All at the same time. This leads to an enormous list of checkpoints, where bidders win or lose points, and the one with the highest score usually walks away with the deal.
High-scorer or acrobat?
Does this mean the winning bidders have the highest scores on all criteria, the best solution in every conceivable way, and also the best price? By no means. But they probably did offer the best balance according to a specific ranking system.
Bottom line is that nobody can be the best at everything. If that really were the case, clearly there wouldn’t be any competition left.
Construction challenges
This may look like a bit of a strange analogy but it will help clarify the flaw in the concept of current e-mobility tendering. Imagine you want to build a house. You are certainly not a construction professional, you just want a place to live in and sleep. So you ask the experts for an offer. You receive tender proposals from an electrician, a gardener, and a bricklayer.
Here’s the catch. Whoever wins gets to do everything from building your house, designing your interiors, planting your garden, to wiring your house. You read that right. Now let’s suppose building the actual house is the most important feature: the bricklayer wins on points.

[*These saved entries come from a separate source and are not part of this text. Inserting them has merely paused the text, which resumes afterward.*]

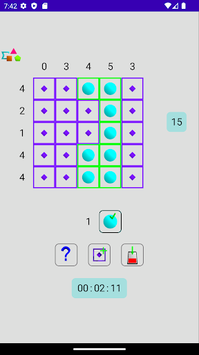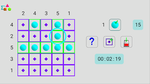 - easy: a cell can be empty or have value 1 (circle)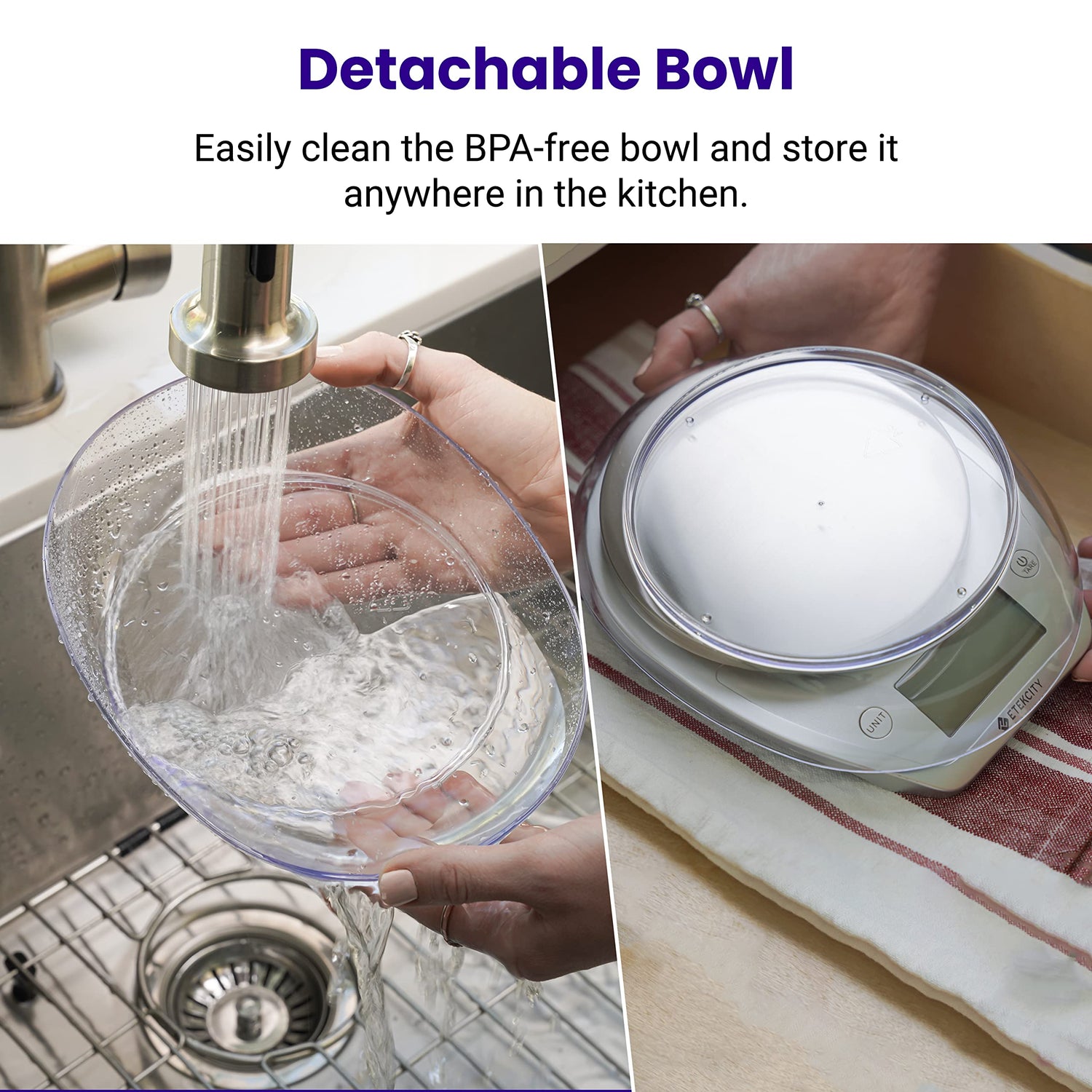 Etekcity 0.1g Food Kitchen Scale, Bowl, Digital Grams and Ounces for Weight Loss, Dieting, Baking, Cooking, and Meal Prep, 11lb/5kg, Stainless Steel Silver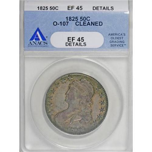 <B>1825 50C --Cleaned--ANACS. XF45 Details.</B></I> O-107. NGC Census: (65/2463). PCGS Population (75/617). Mintage: 2,900,000. Numismedia Wsl. Price for NGC/PCGS coin in XF45: $205. (#6142)<BR><BR><B>Coin Engraver:</B> John Reich<BR><BR><b>Shipping:</b> Coins & Currency (<a target="_blank" href="http://www.heritageauctions.com/common/shipping.php">view shipping information</a>)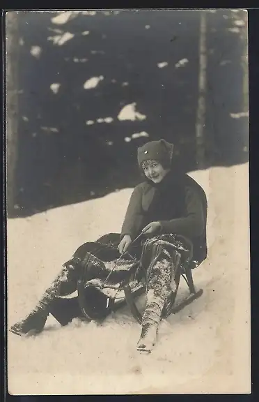 AK Mädchen auf einem Schlitten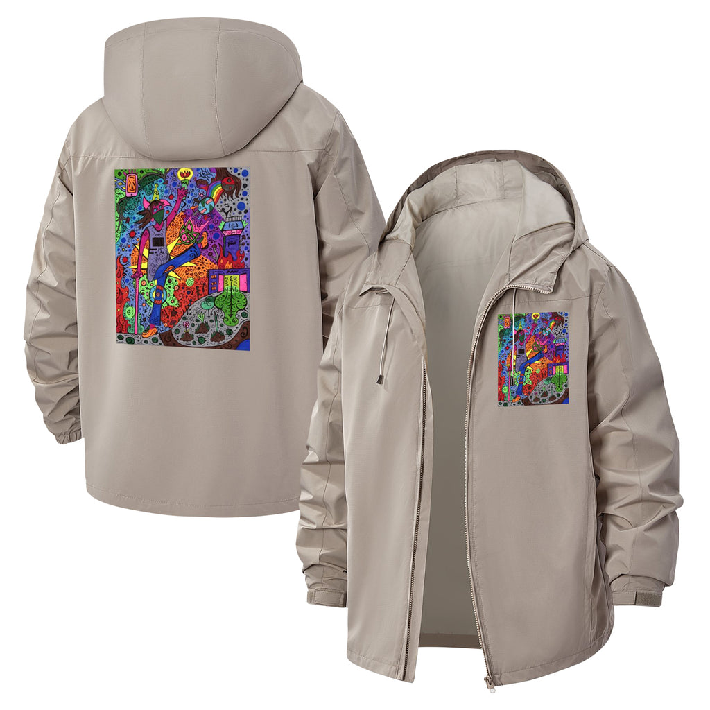 Psychedelic Painter Unisex Full-Zip Printed Waterproof Hooded Windbreaker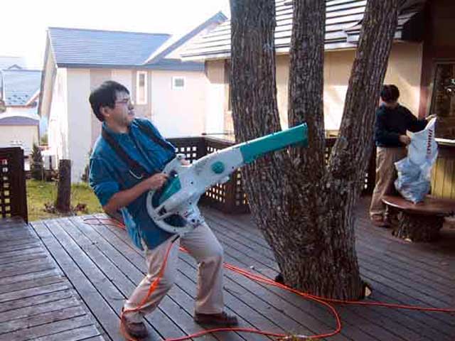 さっそく、登山前のウォーミングアップと称して、カッコイイ庭の葉っぱ掃除機を掲げ、「エイリアンII!(^_^;)」とか言って気炎を上げる私(写真1)。馬鹿である。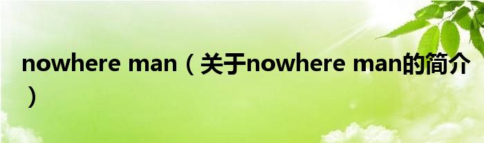 大家好,nowhere man,關于nowhere man的簡介很多人還不知道,現在讓我們一起來看看吧!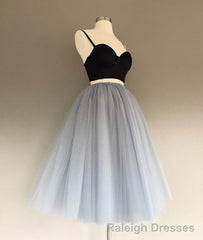 Two Pieces Black And Silver Short Sexy Spaghrtti Strap A Line Prom Dresses
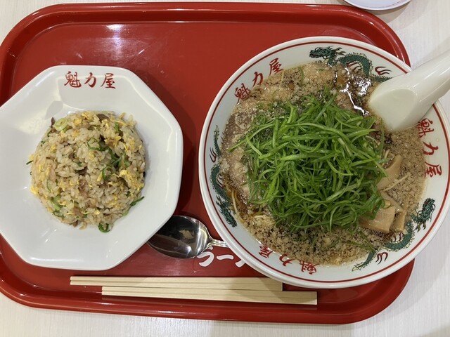 背脂豚骨醤油ラーメンに九条ネギをトッピング、半チャーハンのセットを注文。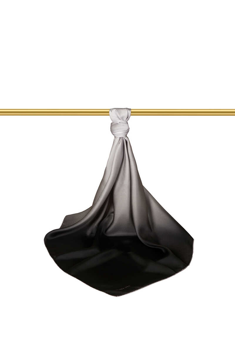 Crowning your plain and simple look, the black gray gradient twill silk Square Scarf with an upright and full stance appeals to all seasons with its wide color range in its design that is far from all details and symbolizes the emphasis of simplicity. It offers comfort of use with its 100% Silk content and 90x90cm dimensions.

...But what about the garden? Are you still happy about the house wiring? Will it be as good and safe as the one done by the electrician?
So why is this an all-or-nothing tendering package? If you follow the premise that you can’t be the best at everything, do you automatically have to accept the good and the bad, as if that were the only possible way?
Since tendering is a fixed-term process, after 4 years you go through the same process all over again. You know the bricklayer is not as good at planting as the gardener, or as good at wiring as the electrician. But because he already built your current house, he’ll be the only one in this new tender that doesn’t require you to tear down your house and start from scratch. It’s a no-brainer - he’s unbeatable on price.
The tendering process doesn’t give you the best solution for all aspects, and re-tendering will never fix that.